§ **WORK REQUEST**: Further down are entries; set down exactly and only the lines from the one with "Perplexity.ai – это" up to and including the one with "Pero además del", dropping each picture.

SUPPLIED DATA Block Start

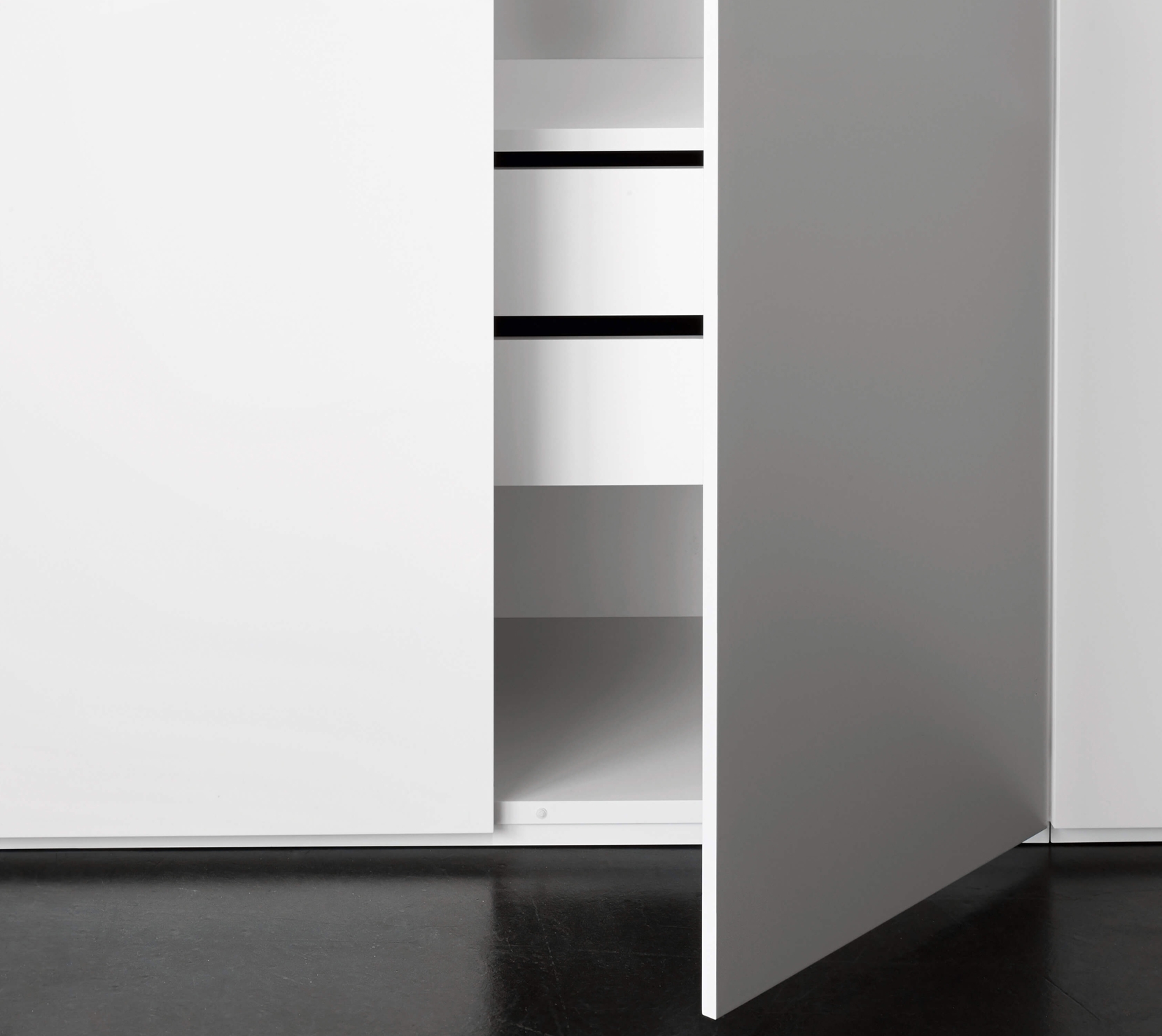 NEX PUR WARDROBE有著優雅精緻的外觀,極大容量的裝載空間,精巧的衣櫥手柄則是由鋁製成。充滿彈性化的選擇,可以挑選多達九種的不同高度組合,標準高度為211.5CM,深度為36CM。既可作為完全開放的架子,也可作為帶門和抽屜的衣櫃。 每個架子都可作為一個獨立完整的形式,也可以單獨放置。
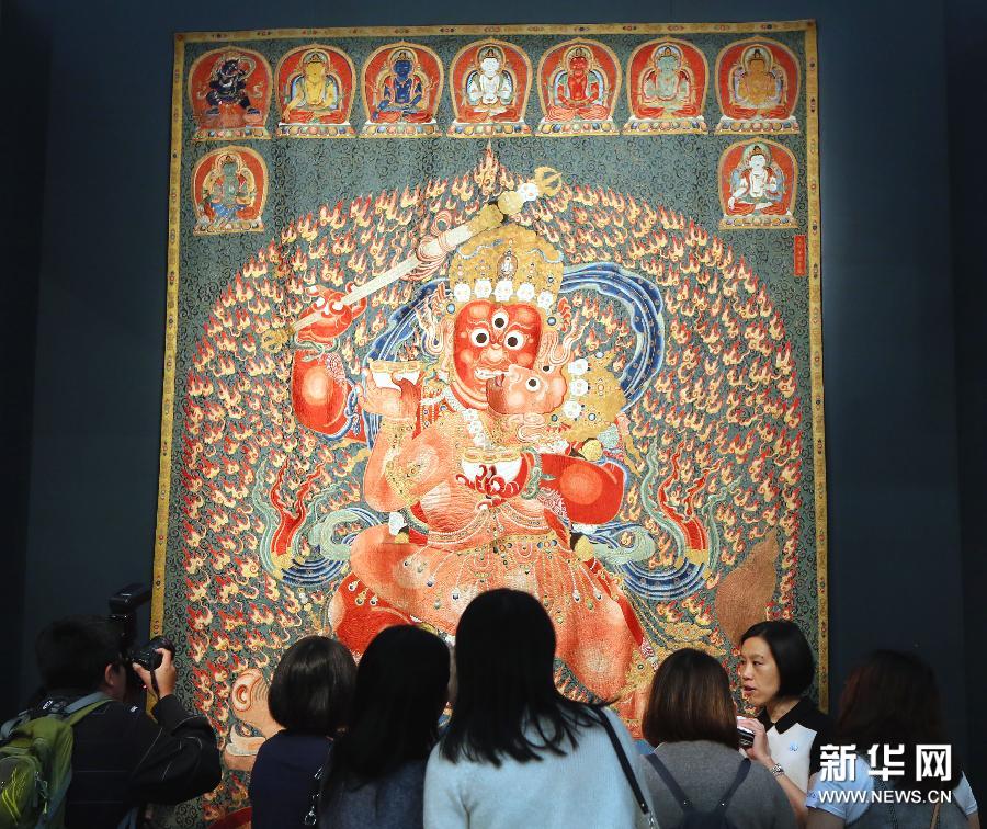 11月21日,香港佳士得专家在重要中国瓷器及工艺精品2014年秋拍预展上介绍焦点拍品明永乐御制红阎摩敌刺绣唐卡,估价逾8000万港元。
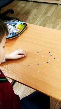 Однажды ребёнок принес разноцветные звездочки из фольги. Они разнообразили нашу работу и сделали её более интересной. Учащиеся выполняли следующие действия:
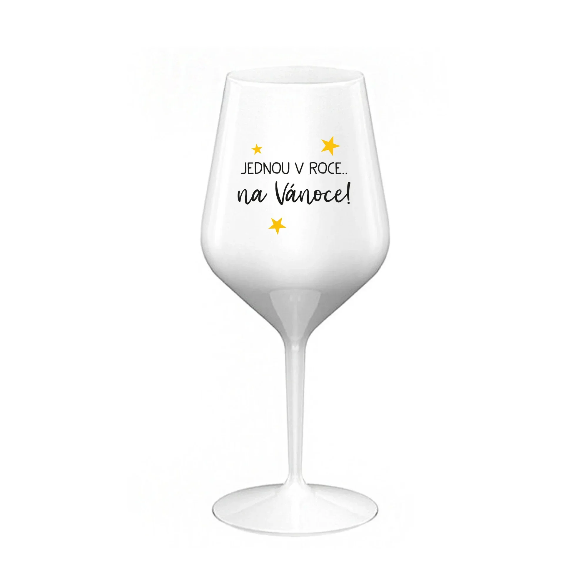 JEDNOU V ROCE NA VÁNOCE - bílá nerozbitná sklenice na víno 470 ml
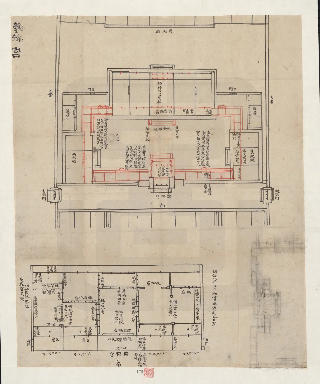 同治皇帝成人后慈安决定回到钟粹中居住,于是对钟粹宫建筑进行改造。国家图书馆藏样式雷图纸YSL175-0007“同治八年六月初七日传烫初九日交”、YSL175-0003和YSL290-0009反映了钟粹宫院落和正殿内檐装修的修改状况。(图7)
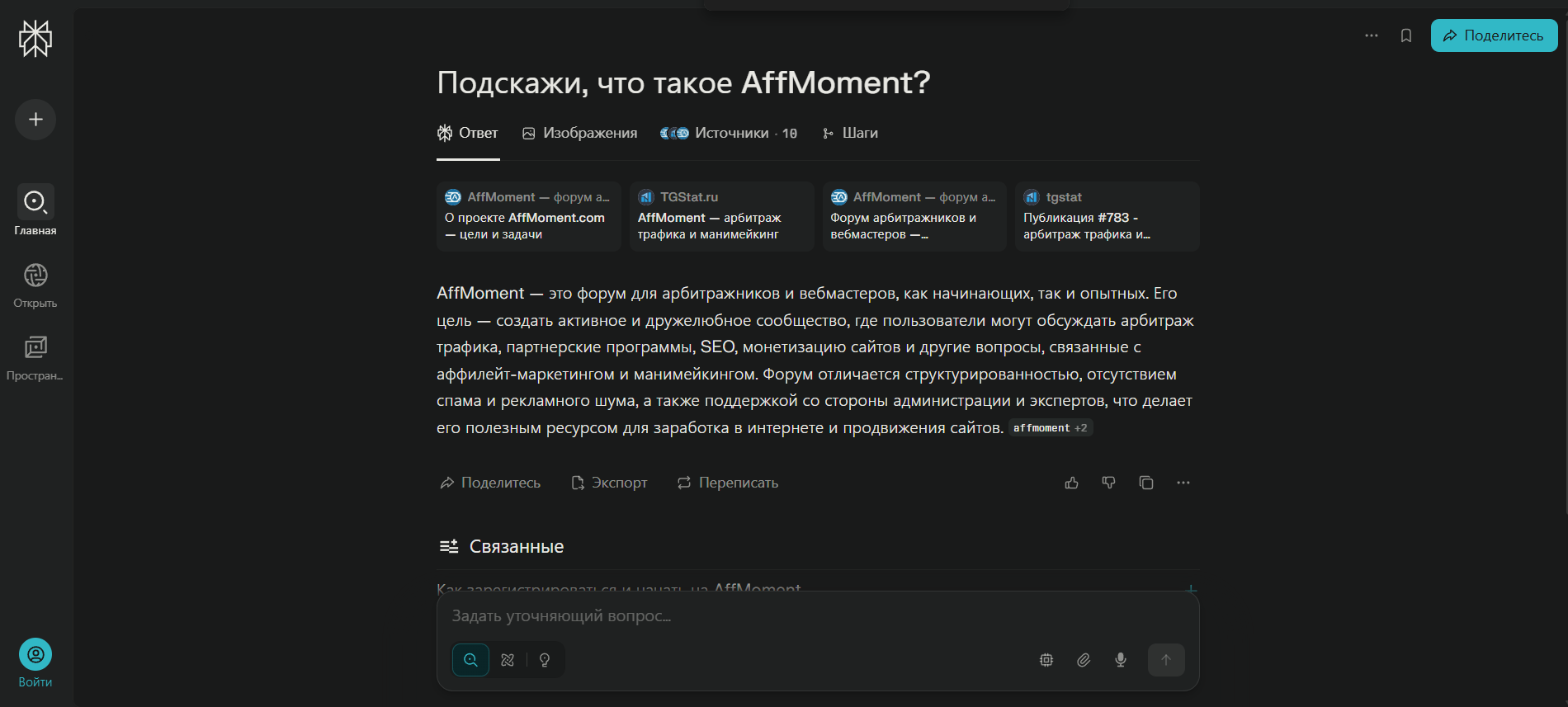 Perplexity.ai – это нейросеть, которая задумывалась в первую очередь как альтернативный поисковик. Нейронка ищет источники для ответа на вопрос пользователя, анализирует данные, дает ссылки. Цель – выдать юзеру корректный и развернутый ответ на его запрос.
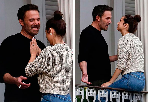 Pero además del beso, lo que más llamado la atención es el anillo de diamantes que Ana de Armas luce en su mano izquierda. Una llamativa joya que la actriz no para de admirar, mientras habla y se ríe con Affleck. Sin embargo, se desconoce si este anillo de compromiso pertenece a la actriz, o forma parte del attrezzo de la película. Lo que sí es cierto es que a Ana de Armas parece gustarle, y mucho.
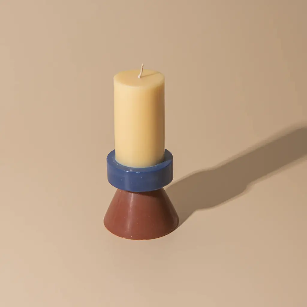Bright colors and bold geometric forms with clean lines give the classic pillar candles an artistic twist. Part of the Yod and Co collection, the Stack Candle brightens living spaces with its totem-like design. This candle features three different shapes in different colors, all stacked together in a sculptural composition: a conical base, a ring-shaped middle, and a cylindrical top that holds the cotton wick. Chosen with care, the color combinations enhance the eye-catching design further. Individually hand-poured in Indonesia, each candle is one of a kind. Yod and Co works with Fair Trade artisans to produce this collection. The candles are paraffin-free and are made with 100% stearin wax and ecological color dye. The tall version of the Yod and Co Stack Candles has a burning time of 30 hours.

SUPPLIED DATA Block End

§ **FINAL ANSWER**:
 Perplexity.ai – это нейросеть, которая задумывалась в первую очередь как альтернативный поисковик. Нейронка ищет источники для ответа на вопрос пользователя, анализирует данные, дает ссылки. Цель – выдать юзеру корректный и развернутый ответ на его запрос.
 Pero además del beso, lo que más llamado la atención es el anillo de diamantes que Ana de Armas luce en su mano izquierda. Una llamativa joya que la actriz no para de admirar, mientras habla y se ríe con Affleck. Sin embargo, se desconoce si este anillo de compromiso pertenece a la actriz, o forma parte del attrezzo de la película. Lo que sí es cierto es que a Ana de Armas parece gustarle, y mucho.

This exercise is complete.